Głównym celem pomocy finansowej w ramach przewidzianych instrumentów będzie rozwój gospodarstw rolnych (Modernizacja gospodarstw rolnych, Restrukturyzacja małych gospodarstw rolnych, Premie dla młodych rolników, Płatności dla rolników przekazujących małe gospodarstwa rolne). Premie dla młodych rolników, które zostały przewidziane w nowym PROW mają głownie na celu ułatwienie młodym osobom rozpoczęcie samodzielnego prowadzenia działalności rolniczej w przejmowanych przez nich gospodarstwach rolnych. Najważniejszymi założeniami dla młodych rolników chcących skorzystać z dodatkowej pomocy są: nie ukończenie 40 roku życia, posiadanie odpowiednich kwalifikacji zawodowych, lub zobowiązanie się do ich zdobycia w przeciągu 3 lat od otrzymania decyzji o pomocy, bycie posiadaczem minimum 1ha użytków rolnych przed dniem złożenia wniosku o przyznanie pomocy dla młodego rolnika.

Wszystkie szczegóły dotyczące warunków jakie musi spełnić rolnik by ubiegać się o wsparcie w ramach PROW na lata 2014 – 2020 mogą odnaleźć państwo na stronach AMIRR oraz Ministerstwa Rolnictwa.

CO DAJĄ DOTACJE ?

Obecny PROW jest podobny do znanego już z lat 2007- 2013, jednak została zmieniona jego konstrukcja. W aktualnej formie występuje mniej tzw. działań i pojawiła się możliwość jednoczesnego skorzystania z różnych „poddziałań”. Łącznie zostało stworzone 25 form wsparcia, w tym kontynuacja pomocy z lat poprzednich.  Warto zwrócić uwagę na zmodyfikowane wsparcie z bardzo popularnego działania „Modernizacja gospodarstw rolnych”. Obecnie wartość pomocy będzie uwarunkowana od rodzaju przewidzianych inwestycji. Na największe wsparcie mogą liczyć rolnicy stawiający na rozwój produkcji prosiąt (maksymalnie aż do 900 tys. zł). Na pozostałe inwestycje związane z produkcją zwierzęcą wsparcie wyniesie do 500 tys. zł. Wszystkie pozostałe przedsięwzięcia a także zakupy w gospodarstwie będą mogły otrzymać dofinansowanie w wysokości do 200 tys. zł.

Niezmiennie na mocne wsparcie będą mogli liczyć młodzi rolnicy, którzy oprócz większych dopłat bezpośrednich, mogą spodziewać się „premii” na start wynoszącej 100 tys. zł. Różnica w porównaniu do poprzednich programów polega na tym, że obecnie wypłata nastąpi  w dwóch etapach: pierwszy – 80 proc. Drugi po zrealizowaniu inwestycji i udokumentowaniu wydatków – 20 proc.

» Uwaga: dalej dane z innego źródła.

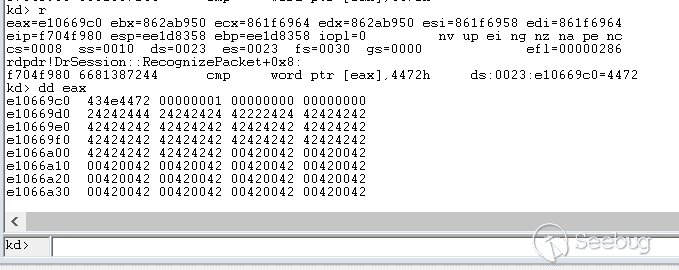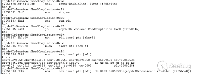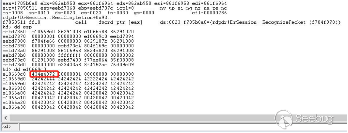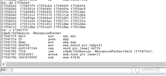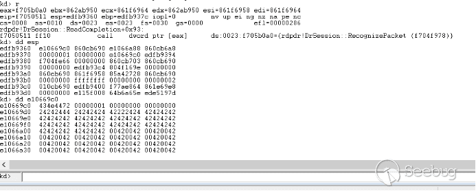 我们构造一个头部异常的数据包发送,头部标志我们构造的是0x7240,将会导致rdpdr!DrSession::RecognizePacket判断失败,之后将会继续遍历链表依次再取出两张函数数组
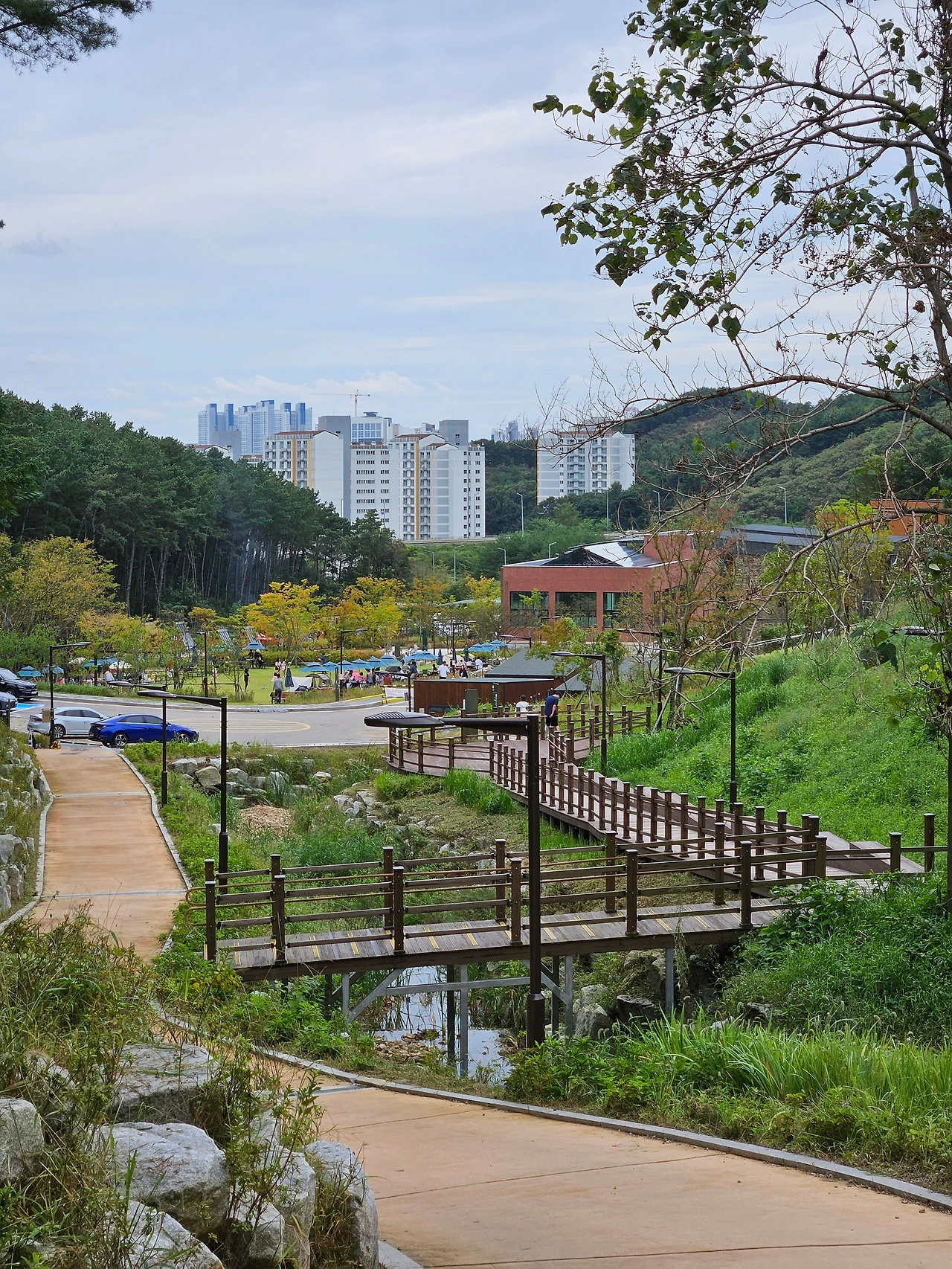 서늘한 바람이 불어오는 10월. 우리 가족은 무봉산 자연 휴양림을 찾았다. 봉황이 두 날개를 펼쳐 춤을 추는 듯하다 해서 이름 붙여진 무봉산은 동탄2신도시 동쪽에 위치해 있었다. 도속도로를 지나서 동탄의 동쪽 끝으로 가니 무봉산 자연휴양림 안내판이 눈에 들어왔다. 서울에서 출발하여 50분 정도. 한 시간도 걸리지 않았다. 입구를 들어서자마자 오른쪽 언덕 위에는 근사하게 지어진 숲 속의 집이 줄지어 있었고, 왼쪽에는 주차장과 함께 넓게 펼쳐진 잔디밭과 피크닉장이 있었다.

Całkowicie nowym rozwiązaniem ujętym w PROW 2014-2020 będzie premia udzielana na restrukturyzację małych gospodarstw. Gospodarstwa takie będą mogły ubiegać się o 60 tys. zł na inwestycje w poprawę swojej dochodowości. W momencie kiedy rentowność zostanie zwiększona będą mogły korzystać z innych form wsparcia z PROW. Natomiast jeżeli właściciel małego gospodarstwa zdecyduje się na jego sprzedanie, wówczas będzie mu przysługiwać rekompensata w wysokości 120 proc. dopłat, które otrzymywałby do 2020 r.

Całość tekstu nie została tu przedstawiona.